Blog

Updates from the Arroyo team

Running Arroyo on EKS

The easiest way to run a highly-scaled production Arroyo cluster is on Kubernetes. Setting up a Kubernetes cluster used to be a daunting task, but services like Amazon EKS have made it much easier. This post will walk through how to set up an EKS cluster and deploy Arroyo to it.

Micah Wylde

Micah Wylde

CEO of Arroyo

Prometheus holding a torch on a mountain

Arroyo was designed for a wide range of scales and use cases, from small single-node deployments to fully scaled-out clusters with hundreds of nodes.

For the latter case, the typical way to run it is within Kubernetes. Accordingly, Arroyo ships with support for both running the control plane on Kubernetes (via a Helm chart) and running the data plane on Kubernetes (via the Kubernetes scheduler) 1

Kubernetes has a reputation for being complicated (and it certainly can be!) but in recent years the major clouds have made it dramatically easier to create and operate Kubernetes clusters, with services like Google Kubernetes Engine (GKE) and Amazon's Elastic Kubernetes Service (EKS).

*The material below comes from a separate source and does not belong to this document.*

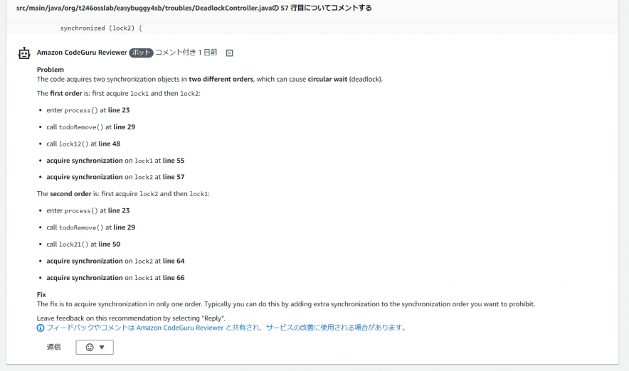 その為、非効率なインスタンス生成に対する指摘や、並列化すると処理性能が改善するような観点で提案をしてくれるようで、今回実施したバグのような類はReviewerで検知すべきという方針とのようです。

This post is going to walk through the process of getting a production-level Arroyo cluster up and running on EKS.

Table of contents

Creating the EKS Cluster

The first step is to create an EKS cluster. If you already have a cluster, you can skip this step.

  1. Start by navigating to https://console.aws.amazon.com/eks/home?#/cluster-create, logging into your AWS account if necessary. On the first screen we configure the cluster name and version. Choose whatever you'd like for the name, and leave the rest of the configs as default.
  2. If this is the first time you've created an EKS cluster, you will need to create a Cluster Service Role, which allows EKS to create and manage resources on your behalf. Follow the guide here to do so.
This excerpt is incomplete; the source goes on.